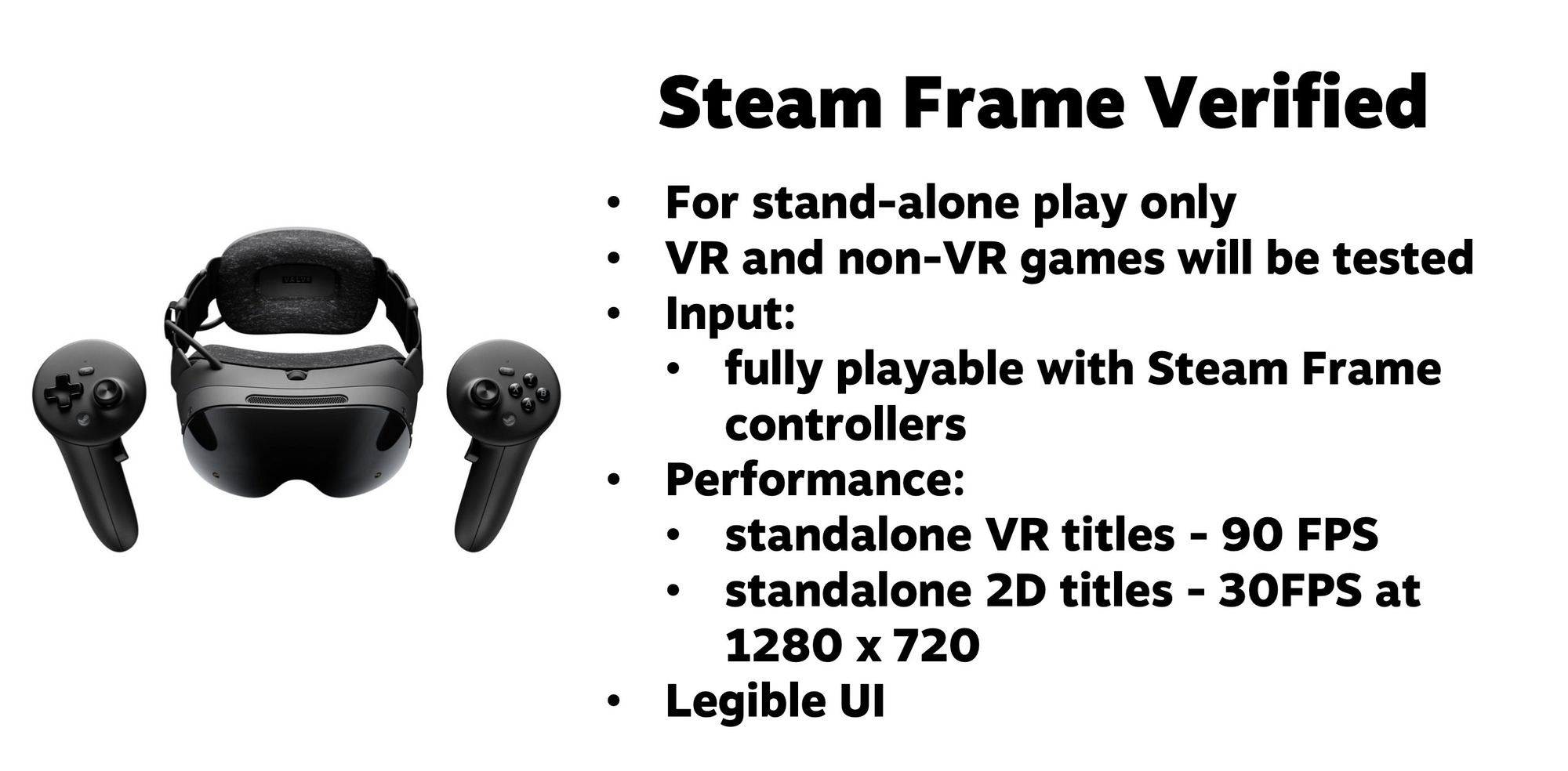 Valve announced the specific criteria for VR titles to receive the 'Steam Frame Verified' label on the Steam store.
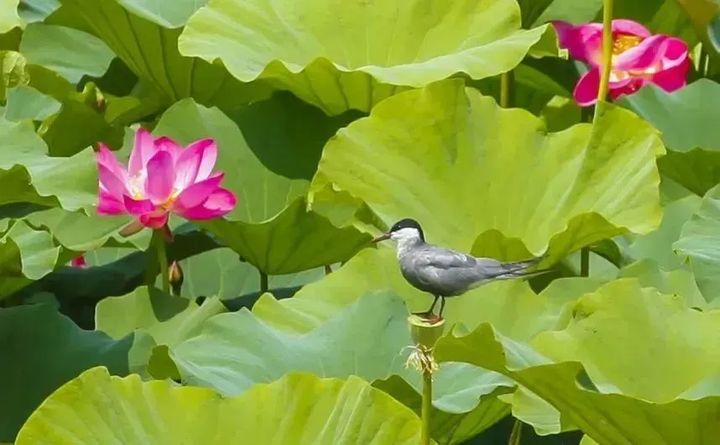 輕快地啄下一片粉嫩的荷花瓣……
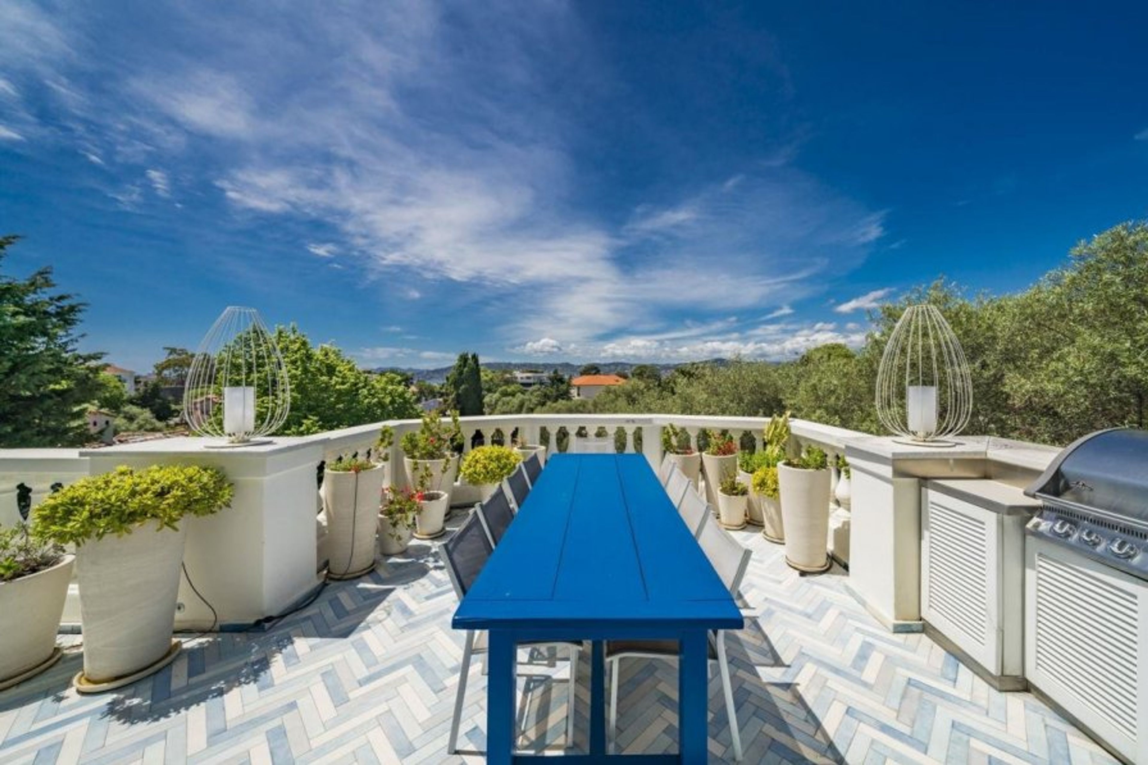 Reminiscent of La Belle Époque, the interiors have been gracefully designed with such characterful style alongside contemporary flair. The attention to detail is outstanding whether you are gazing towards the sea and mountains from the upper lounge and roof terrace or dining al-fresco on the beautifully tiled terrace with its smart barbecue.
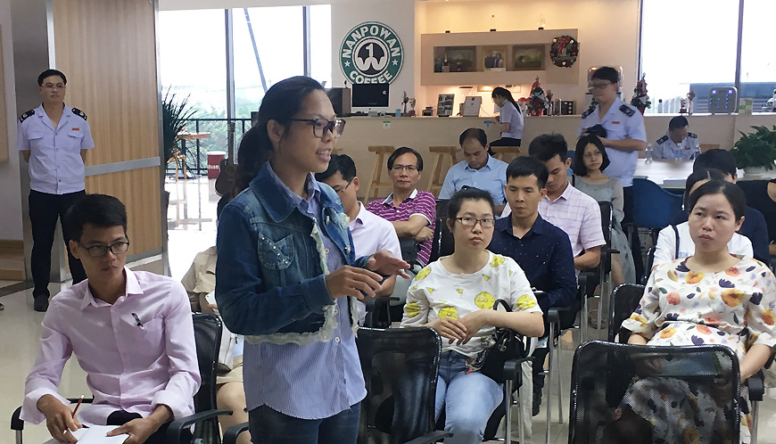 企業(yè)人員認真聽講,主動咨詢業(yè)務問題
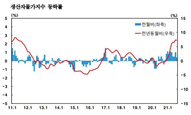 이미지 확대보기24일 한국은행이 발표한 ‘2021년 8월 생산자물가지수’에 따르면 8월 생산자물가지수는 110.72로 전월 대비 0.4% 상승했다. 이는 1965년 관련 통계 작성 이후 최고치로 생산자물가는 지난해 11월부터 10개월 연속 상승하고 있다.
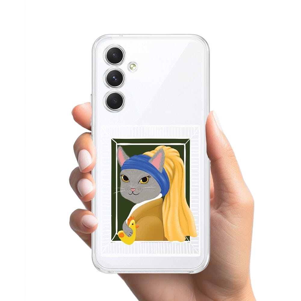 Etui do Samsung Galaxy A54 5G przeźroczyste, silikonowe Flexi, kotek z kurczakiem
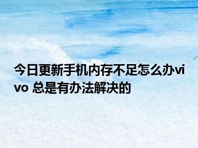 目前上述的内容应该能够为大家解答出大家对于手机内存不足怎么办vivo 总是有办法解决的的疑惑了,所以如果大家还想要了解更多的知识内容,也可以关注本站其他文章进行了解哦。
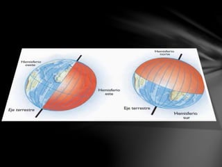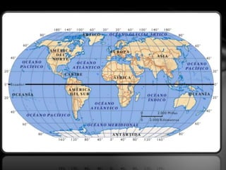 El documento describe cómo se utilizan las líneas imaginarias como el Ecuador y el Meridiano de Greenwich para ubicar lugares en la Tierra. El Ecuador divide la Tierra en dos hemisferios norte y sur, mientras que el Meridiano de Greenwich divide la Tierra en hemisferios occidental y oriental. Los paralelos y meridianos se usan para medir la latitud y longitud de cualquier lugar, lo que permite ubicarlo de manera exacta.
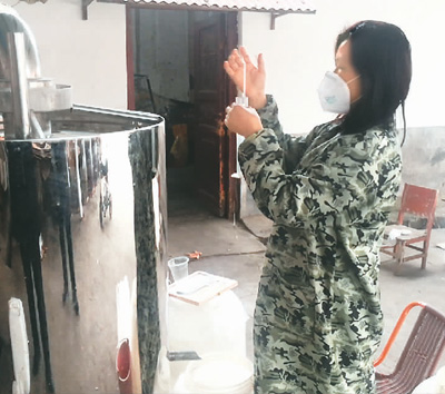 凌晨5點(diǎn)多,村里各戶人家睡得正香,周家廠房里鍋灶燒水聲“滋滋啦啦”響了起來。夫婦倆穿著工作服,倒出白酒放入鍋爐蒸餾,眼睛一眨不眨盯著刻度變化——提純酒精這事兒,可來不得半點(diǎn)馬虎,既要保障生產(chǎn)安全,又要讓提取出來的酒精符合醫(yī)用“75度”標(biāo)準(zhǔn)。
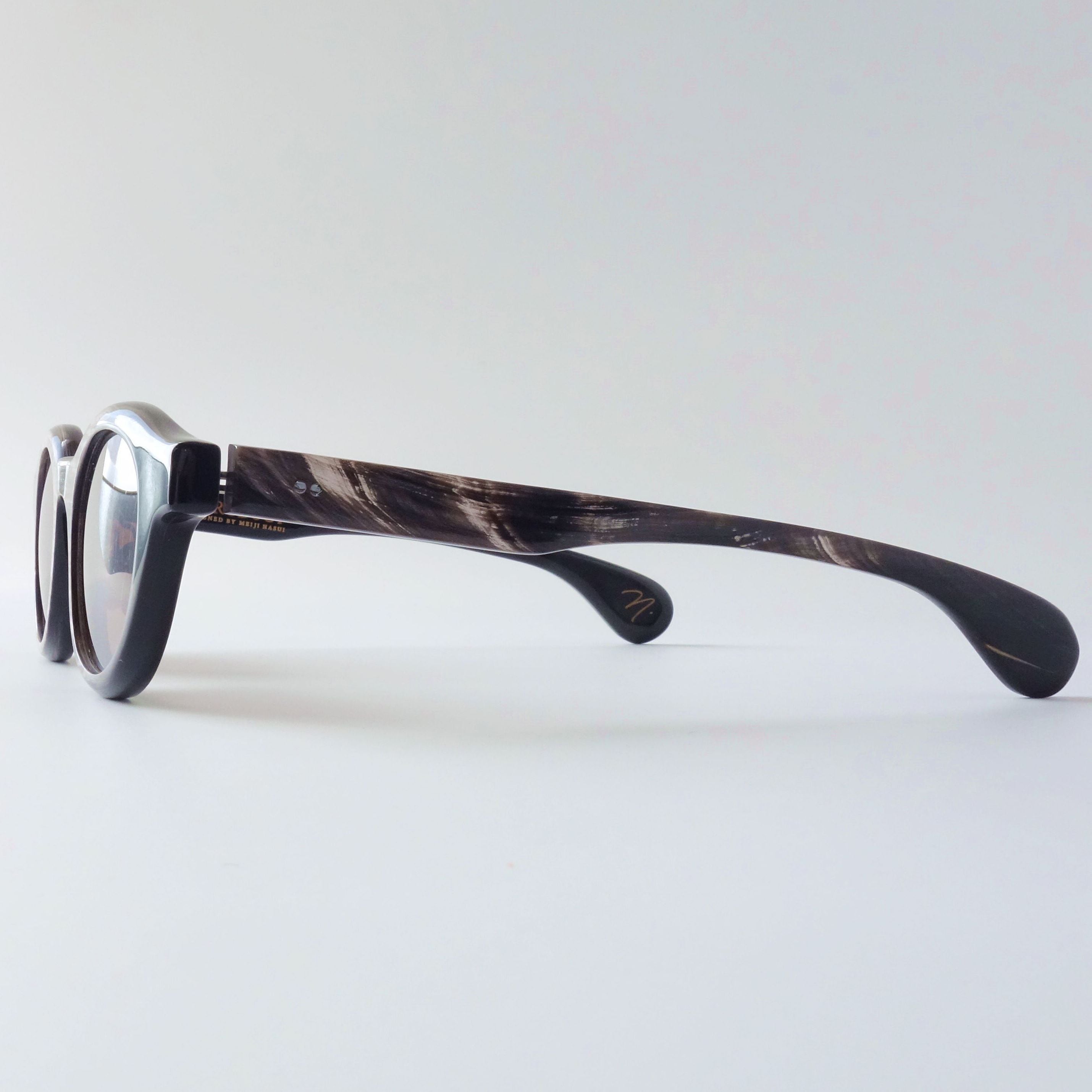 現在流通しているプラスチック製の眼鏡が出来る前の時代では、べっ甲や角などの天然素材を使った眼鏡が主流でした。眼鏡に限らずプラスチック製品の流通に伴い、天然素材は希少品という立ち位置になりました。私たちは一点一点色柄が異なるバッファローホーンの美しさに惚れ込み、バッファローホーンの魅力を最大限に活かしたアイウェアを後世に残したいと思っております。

### Task to complete
The line that contains "El documento describe" begins the range and the last line of the entries ends it; print that range exactly, without pictures.

### Task response
 El documento describe cómo se utilizan las líneas imaginarias como el Ecuador y el Meridiano de Greenwich para ubicar lugares en la Tierra. El Ecuador divide la Tierra en dos hemisferios norte y sur, mientras que el Meridiano de Greenwich divide la Tierra en hemisferios occidental y oriental. Los paralelos y meridianos se usan para medir la latitud y longitud de cualquier lugar, lo que permite ubicarlo de manera exacta.
 凌晨5點(diǎn)多,村里各戶人家睡得正香,周家廠房里鍋灶燒水聲“滋滋啦啦”響了起來。夫婦倆穿著工作服,倒出白酒放入鍋爐蒸餾,眼睛一眨不眨盯著刻度變化——提純酒精這事兒,可來不得半點(diǎn)馬虎,既要保障生產(chǎn)安全,又要讓提取出來的酒精符合醫(yī)用“75度”標(biāo)準(zhǔn)。
 現在流通しているプラスチック製の眼鏡が出来る前の時代では、べっ甲や角などの天然素材を使った眼鏡が主流でした。眼鏡に限らずプラスチック製品の流通に伴い、天然素材は希少品という立ち位置になりました。私たちは一点一点色柄が異なるバッファローホーンの美しさに惚れ込み、バッファローホーンの魅力を最大限に活かしたアイウェアを後世に残したいと思っております。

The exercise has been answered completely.